Mr. Bernstein: We are looking for market leading businesses with great management teams and strategic growth as well as revenue and profit growth. We are looking for teams with a vision for their business and industry, a track record of success and perhaps most importantly a strong culture and high set of ethical standards. Markit and Citco are examples of outstanding financial information/services businesses which are global market leaders built by entrepreneurial management teams.
Q.: Could you elaborate on how the General Atlantic leverages its global network to source investment targets?
Mr. Bernstein: Many companies choose GA as an investor because we are a single global partnership with a 30 year history of growth investing. Many of our investments are in minority positions. We are not a traditional buyout firm since we are not structured as a traditional fund. We invest in minorities as well as control positions, invest sometimes in public companies as well as private ones. Importantly, we invest for longer term compared to typical private equity firms. Additionally, almost all of our deals are sourced internally although we do get occasional great ideas from banks and intermediaries.
Q.: Looking ahead, where are valuations headed in an increasingly competitive deal source environment?
Mr. Bernstein: Valuations in the private market tend to lag falls in the public market. Private market expectations have therefore not adjusted yet to the falls we have seen in public markets over the past few weeks. We are also seeing a polarization of company values where the best companies can still be sold for high prices and lower quality companies will not sell or raise capital at all.
Q.: What is the most difficult part of negotiating a transaction in Russia such as GA's investment in Kaspersky Lab?
Mr. Bernstein: The "overnight" 3 hour flight to Moscow and sitting in traffic for hours! There are some differences in how business in Russia is conducted.

There are a handful of very high quality technology companies in Russia such as Kaspersky which are global businesses backed by great R&D teams. We identified Kaspersky after identifying the macro theme that information security is increasingly important to everyone - from the largest companies down to all individuals who shop or bank online. We then looked at several companies in the security software area before deciding on an investment in Kaspersky which has leading technology developed by a deep 850-person research team.
Q.: How would you characterize the relationship between the GA and the management team of its portfolio companies?
Mr. Bernstein: GA partners with management teams to bring our experience of backing and building global growth companies. We have a resources group which help with IT, HR, finance and operations and we are actively involved strategically at board level and with M&A.
Q.: How important is having a Board for privately held companies in driving growth and creating sustainable value?

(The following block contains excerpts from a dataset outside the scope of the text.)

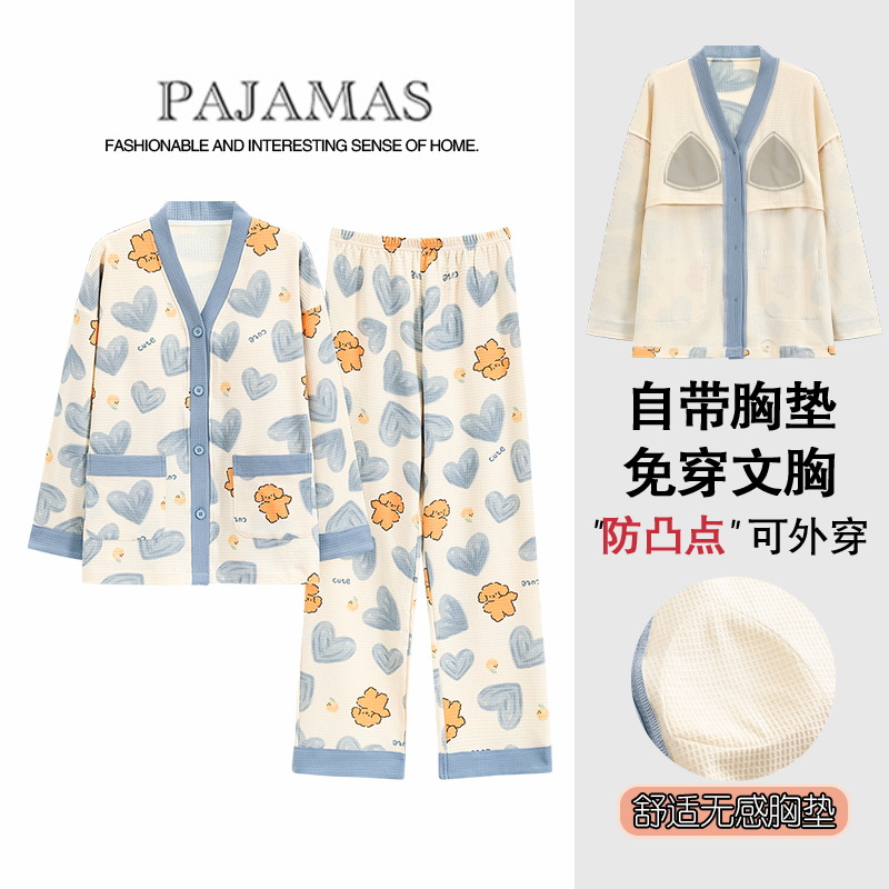 パジャマ女性春秋純綿長袖胸付カーディガンvネック甘い女性秋は家庭服セットを着ることができます。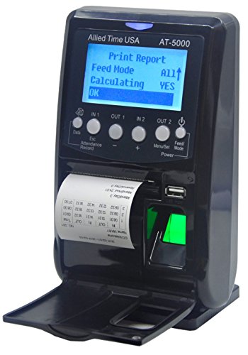 AT5000 Fingerprint & Badge Employee Time Clock with Printer, Battery, USB Drive and 5-Badges Included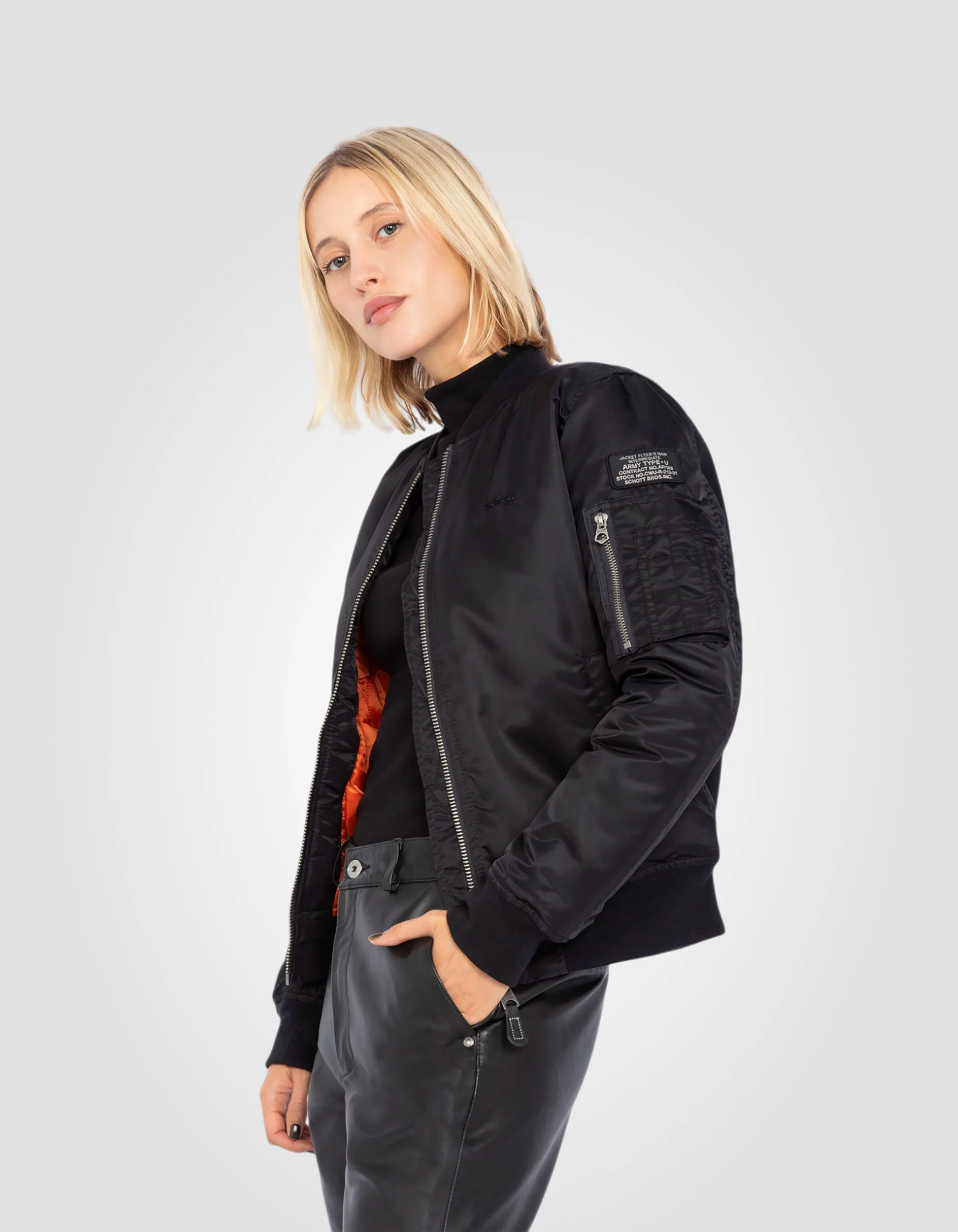 Bomber MA-1 noir en nylon recyclé, coupe ajustée
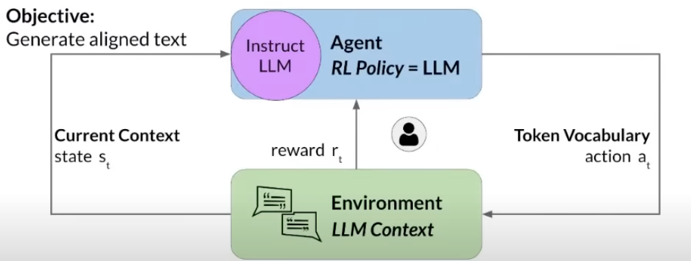 这里有Agent、Environment和大模型的Current Context,在这种情况下,策略就是知道我们预训练或者微调过的LLM模型。现在我们希望能够在给定的域中生成文本,对吗?因此,我们采取行动,LLM获取当前上下文窗口和环境上下文,并基于该动作,获得奖励。带着奖励的策略就是人类反馈的地方。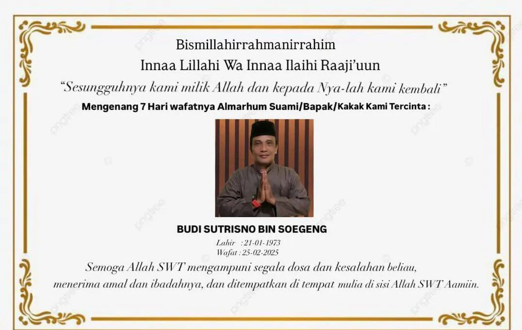 Tak hanya memperingati tujuh hari wafatnya Ustadz Nurhadi, acara malam itu juga dirangkaikan dengan peringatan 40 hari wafatnya Bapak Budi Sutrisno, atau akrab disapa Mas Jalu. Almarhum dikenal sebagai pribadi yang baik hati dan memiliki jiwa sosial tinggi di lingkungannya.

Mr. Bernstein: Boards and effective governance at the board are key for driving growth and creating sustainable value in all companies. We pay a lot of attention to getting the right mix of people and skillsets on a board, and to forming a team which sets direction and culture.
Q.: What is your preferred exit strategy?
Mr. Bernstein: My preferred exit is any exit that achieves our target returns! We exit in many different ways including IPO, strategic sale and sometimes sale to another private equity firm. We like to see our companies building sustainable market positions such that they continue to achieve success even after we exit.
Q.: Given GA's impressive track record, what is the secret to its performance?
Mr. Bernstein: GA has a great team and partnership culture. We are a single global partnership which is different from the way traditional private equity firms are set up and the whole firm is oriented towards building great long term businesses.
Q.: In closing, required, what book are you currently reading?
Mr. Bernstein: I am reading Conservation by Bergerhoff Mulder and Coppolillo. In my free time I have become involved in wilderness conservation. Whilst GA is a long term investor it is interesting to consider how some issues require thinking about the next 100 years rather than the shorter periods driven by many financial markets.